Exact copy, pictures excluded: output the lines from the opening of the entries through the line bearing "- Unit column".

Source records
------
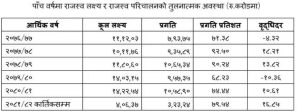 ५ वर्षको राजस्व परिचालनको तुलनात्मक अवस्थालाई हेर्दा आर्थिक वर्ष २०७६-७७ मा ११ खर्ब १२ अर्ब ३ करोड रुपैयाँ लक्ष्य रहेकोमा ७१.३८ प्रतिशत प्रगति भएको थियो । त्यसैगरी आर्थिक वर्ष २०७७/७८ मा १० खर्ब ११ अर्ब ७६ करोड रुपैयाँ लक्ष्य रहेकोमा ९२.५० प्रतिशत प्रगति हासिल भएको थियो । आर्थिक वर्ष २०७८/७९ मा ११ खर्ब ८० अर्ब ६० करोड रुपैयाँ राजस्व संकलनको लक्ष्य रहेकोमा ९०.२४ प्रतिशत प्रगति हासिल भएको थियो ।
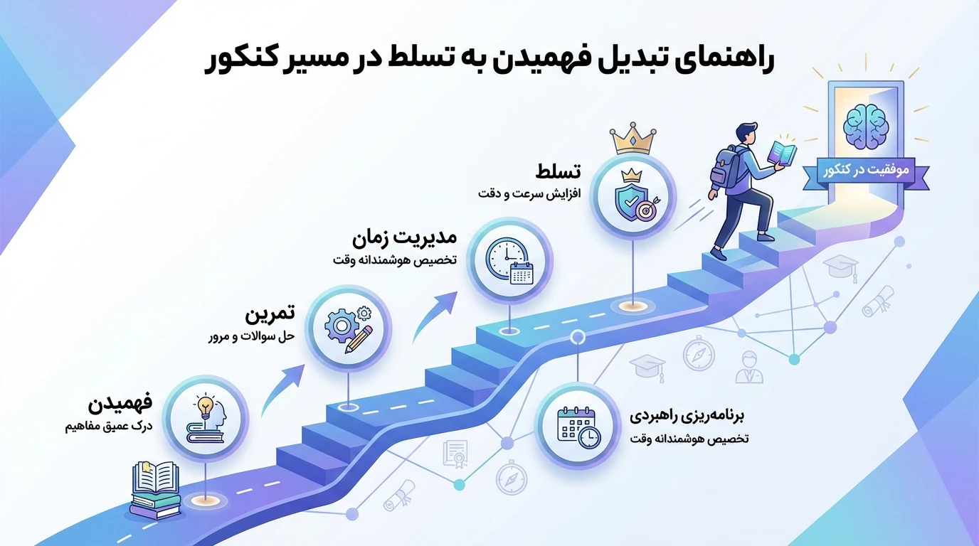 یکی از اشتباهات رایج بین داوطلبان کنکور این است که تصور میکنند با تماشای فیلمهای آموزشی یا دیدن حل سؤال توسط استاد، واقعاً «یاد گرفتهاند». در حالی که این نوع یادگیری بیشتر از جنس فهمیدن است؛ نه مسلط شدن.
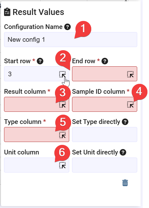 - Unit column (optional) - The column where the Result Values unit is. (Direct input available)
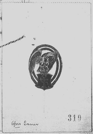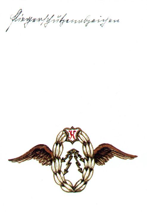 Although the propositions of the general inspector of the aviation troops were followed further on, the navy as well as also the army - in which the circle of persons actually was covered with the Luftfahrerabzeichen already - decided against the introduction of such a badge for Air-Gunners. Looking at the attached colored design drawing, that should be shaped similar to the Navy pilot badge of 1918, the question is allowed, whether - if it would have been technically possible to produce a badge of that size and form - it would be practicable to wear it at all.
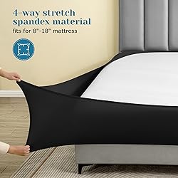 Stays Put All Night: This sheets set is made of superior 4-way stretch fabric - - ensure the sheets can stretch and fit the mattress tightly like a glove without wrinkles and slip-off. 6 Pieces King Size Sheets Set: The whole bed sheets set includes (4) pieces of 20.5 x 37 inch envelope pillowcases, (1) piece of 102 x 105 inch flat sheet, and (1) piece of 78 x 80 x 16 inch fitted sheet. Fits Up to 18-inch Mattress: The 4-way stretchy spandex microfiber blend fitted sheet can fit with most mattress sizes up to an 18-inch mattress depth and allows for snugly fit of a thick mattress. Super Soft and Stretchy: The whole sheets set is a lightweight knit jersey - - lightly brushed on both sides - - for more softness. The exceptionally durable construction of fabric remains intact and colors fast even after multiple washes. How to Maintain the Softness: Machine wash in cold water with mesh laundry bags, then tumble dry or iron at low temperature without bleach.
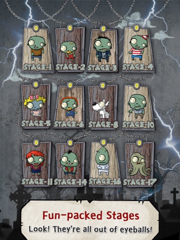 Oops! Zombies dropped their eyeballs in this peaceful zombie town.
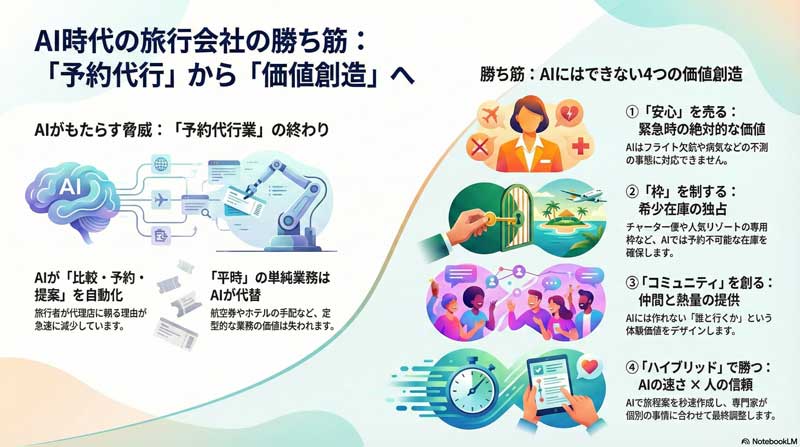 自分で旅行に行くときも、ほぼほぼ旅行代理店は使わなくなっているのはインターネットの普及のせい。さらにこれから検討と予約までしてくれそうな AI のエージェント機能が強力になってくることを考えると、旅行代理店の将来が不安になります。
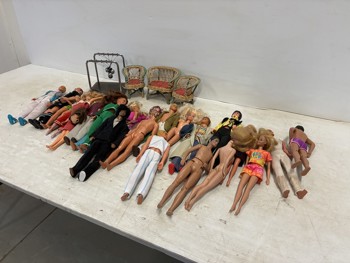 variety of collectable barbie dolls, and a mini furniture set
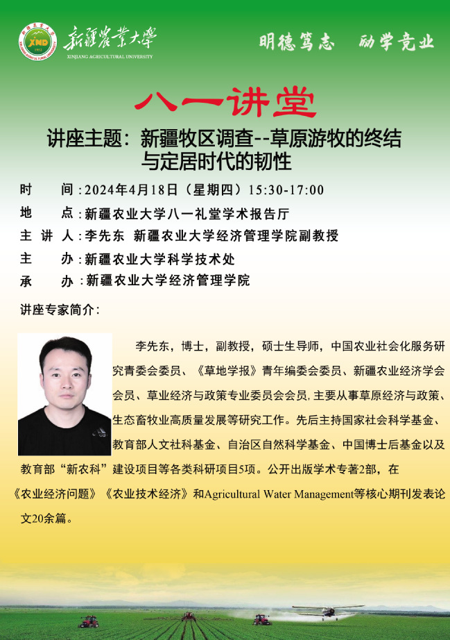 【八一讲堂预告】五十三期:新疆牧区调查--草原游牧的终结与定居时代的韧性
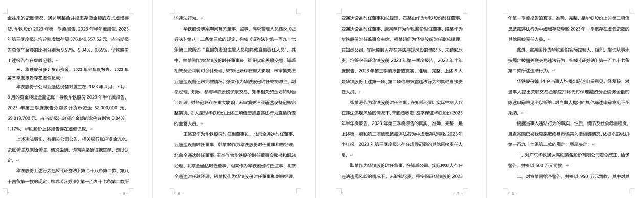决定书显示,广东华铁通达高铁装备股份有限公司存在以下违法事实:华铁股份未按规定披露关联交易,华铁股份2023年半年度报告存在重大遗漏华;华铁股份虚增存货,2023年第一季度报告、2023年半年度报告、2023年第三季度报告存在虚假记载;华铁股份多计货币资金,2023年半年度报告、2023年第三季度报告存在虚假记载。上述行为违反了《证券法》的相关规定。
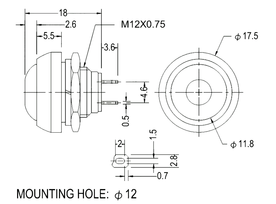 - Vienpolu momentālais slēdzis ar SPST-NO kontaktu
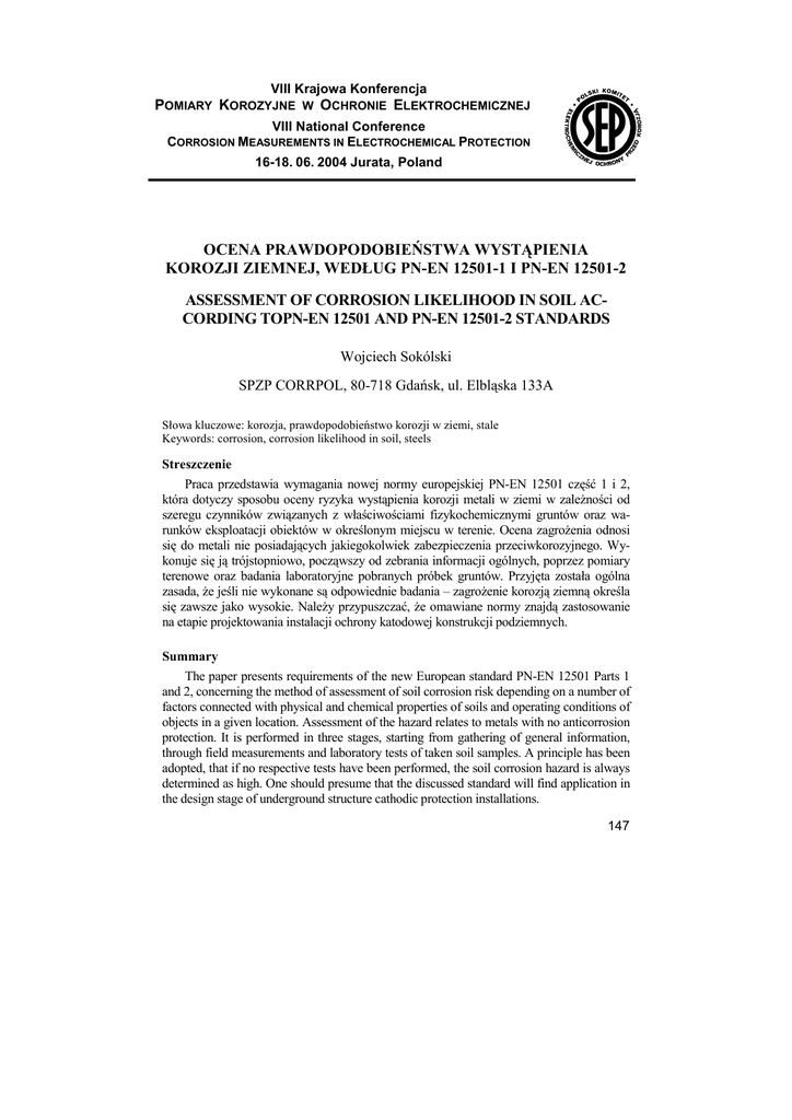 VIII Krajowa Konferencja POMIARY KOROZYJNE W OCHRONIE ELEKTROCHEMICZNEJ VIII National Conference CORROSION MEASUREMENTS IN ELECTROCHEMICAL PROTECTION 16-18. 06. 2004 Jurata, Poland OCENA PRAWDOPODOBIEŃSTWA WYSTĄPIENIA KOROZJI ZIEMNEJ, WEDŁUG PN-EN 12501-1 I PN-EN 12501-2 ASSESSMENT OF CORROSION LIKELIHOOD IN SOIL ACCORDING TOPN-EN 12501 AND PN-EN 12501-2 STANDARDS Wojciech Sokólski SPZP CORRPOL, 80-718 Gdańsk, ul. Elbląska 133A Słowa kluczowe: korozja, prawdopodobieństwo korozji w ziemi, stale Keywords: corrosion, corrosion likelihood in soil, steels Streszczenie Praca przedstawia wymagania nowej normy europejskiej PN-EN 12501 część 1 i 2, która dotyczy sposobu oceny ryzyka wystąpienia korozji metali w ziemi w zależności od szeregu czynników związanych z właściwościami fizykochemicznymi gruntów oraz warunków eksploatacji obiektów w określonym miejscu w terenie. Ocena zagrożenia odnosi się do metali nie posiadających jakiegokolwiek zabezpieczenia przeciwkorozyjnego. Wykonuje się ją trójstopniowo, począwszy od zebrania informacji ogólnych, poprzez pomiary terenowe oraz badania laboratoryjne pobranych próbek gruntów. Przyjęta została ogólna zasada, że jeśli nie wykonane są odpowiednie badania – zagrożenie korozją ziemną określa się zawsze jako wysokie. Należy przypuszczać, że omawiane normy znajdą zastosowanie na etapie projektowania instalacji ochrony katodowej konstrukcji podziemnych. Summary The paper presents requirements of the new European standard PN-EN 12501 Parts 1 and 2, concerning the method of assessment of soil corrosion risk depending on a number of factors connected with physical and chemical properties of soils and operating conditions of objects in a given location. Assessment of the hazard relates to metals with no anticorrosion protection. It is performed in three stages, starting from gathering of general information, through field measurements and laboratory tests of taken soil samples. A principle has been adopted, that if no respective tests have been performed, the soil corrosion hazard is always determined as high. One should presume that the discussed standard will find application in the design stage of underground structure cathodic protection installations. 147 Wprowadzenie W lutym 2003 roku CEN zatwierdziło normę EN 12501 „Ochrona materiałów metalowych przed korozją - Prawdopodobieństwo wystąpienia korozji ziemnej, w dwóch częściach – Część 1: Postanowienia ogólne i Część 2: Materiały ze stali niskostopowych i niestopowych. Analiza korozji konstrukcji zakopanych w ziemi jest złożona z powodu współdziałania różnych czynników systemu korozyjnego, takich jak grunt, rodzaj materiału metalowego, charakterystyka konstrukcji i otaczającego środowiska. Wskutek tego identyfikacja i ocena czynników związanych z prawdopodobieństwem wystąpienia korozji jest bardzo złożona. Nowa norma ma służyć pomocą w systematycznej ocenie omawianego zagrożenia korozyjnego, jednak zakłada potrzebę uzupełniania jej odpowiednimi ekspertyzami i badaniami naukowymi. Norma stanowi podstawę do oceny prawdopodobieństwa wystąpienia korozji ziemnej zakopanych konstrukcji metalowych takich jak rurociągi, kable w osłonach metalowych, zbiorniki magazynowe, ściany szczelne, kotwy podpór, przepusty i umocnienia ziemne. W pierwszej części niniejszej zdefiniowano ogólne pojęcia dotyczące metody oceny i wymieniono główne czynniki wpływające na korozję konstrukcji podziemnych. W drugiej części podano podstawy do oceny zagrożenia korozją ziemną materiałów ze stali niskostopowych i niestopowych w bezpośrednim kontakcie z gruntem. Oczywiście w normie nie są ujęte systemy ochrony przed korozją i ich zastosowanie – zawarte są one w specjalnych normach przedmiotowych. Norma dotyczy przypadku nowych zakopanych konstrukcji i podaje informacje dla konstrukcji istniejących. Pojęcia ogólne Ocenę prawdopodobieństwa czy tez ryzyka wystąpienia korozji zakopanych konstrukcji stalowych zdefiniowano biorąc pod rozwagę: parametry gruntu, charakterystyki konstrukcji bez ochrony i czynniki środowiskowe. Parametry gruntu wg EN-12501 Charakterystyka konstrukcji Szacowanie zagrożenia korozją w ziemi Czynniki środowiskowe (tablica 1) Uwzględnienie danych związanych z budową obiektu i jego funkcją wg EN-12501 w połączeniu z normami przedmiotowymi Ryzyko wystąpienia uszkodzeń korozyjnych obiektu (tablica 2) Wnioski dotyczące użyteczności, trwałości i sposobu ochrony przed korozją obiektu Diagram do oceny prawdopodobieństwa wystąpienia korozji ziemnej 148 Klasyfikacja zagrożenia korozją ziemną Norma definiuje trzy klasy zagrożenia korozją ziemną danego metalu, jak w tabl. 1. Tabl. 1. Klasy zagrożenia korozją ziemną Klasy zagrożenia korozją Klasyfikacja prawdopodobieństwa NISKA Niskie prawdopodobieństwo, że ubytek korozyjny będzie powyżej wartości progowej lub, że wystąpi specyficzny efekt korozyjny (patrz UWAGA). ŚREDNIA Wysokie prawdopodobieństwo, że ubytek korozyjny będzie pomiędzy górnym i dolnym poziomem wartości progowych. WYSOKA Wysokie prawdopodobieństwo, że ubytek korozyjny będzie powyżej wartości progowej lub wystąpi specyficzny efekt korozyjny. UWAGA: Specyficzny efekt korozyjny zależy od rodzaju korozji jak korozja wżerowa, korozja szczelinowa, korozja bimetaliczna, korozja wodorowa, korozja zmęczeniowa lub korozja naprężeniowa. Jeżeli spodziewane są wymienione rodzaje korozji, zagrożenie korozyjne zaleca się zawsze przyjmować jako WYSOKIE, ponieważ niemożliwa jest ilościowa ocena tych zmian. Ryzyko wystąpienia uszkodzeń korozyjnych konstrukcji (obiektu) w ziemi Ryzyko wystąpienia uszkodzeń korozyjnych może być oszacowane na podstawie klasy zagrożenia korozyjnego w ziemi w połączeniu z wymaganiami dotyczącym funkcji konstrukcji, jej budowy (rodzaj materiał, grubość itp.), przewidywanej użyteczności i założ
------
EXERCISE SOLUTION:
 ५ वर्षको राजस्व परिचालनको तुलनात्मक अवस्थालाई हेर्दा आर्थिक वर्ष २०७६-७७ मा ११ खर्ब १२ अर्ब ३ करोड रुपैयाँ लक्ष्य रहेकोमा ७१.३८ प्रतिशत प्रगति भएको थियो । त्यसैगरी आर्थिक वर्ष २०७७/७८ मा १० खर्ब ११ अर्ब ७६ करोड रुपैयाँ लक्ष्य रहेकोमा ९२.५० प्रतिशत प्रगति हासिल भएको थियो । आर्थिक वर्ष २०७८/७९ मा ११ खर्ब ८० अर्ब ६० करोड रुपैयाँ राजस्व संकलनको लक्ष्य रहेकोमा ९०.२४ प्रतिशत प्रगति हासिल भएको थियो ।
 یکی از اشتباهات رایج بین داوطلبان کنکور این است که تصور میکنند با تماشای فیلمهای آموزشی یا دیدن حل سؤال توسط استاد، واقعاً «یاد گرفتهاند». در حالی که این نوع یادگیری بیشتر از جنس فهمیدن است؛ نه مسلط شدن.
 - Unit column (optional) - The column where the Result Values unit is. (Direct input available)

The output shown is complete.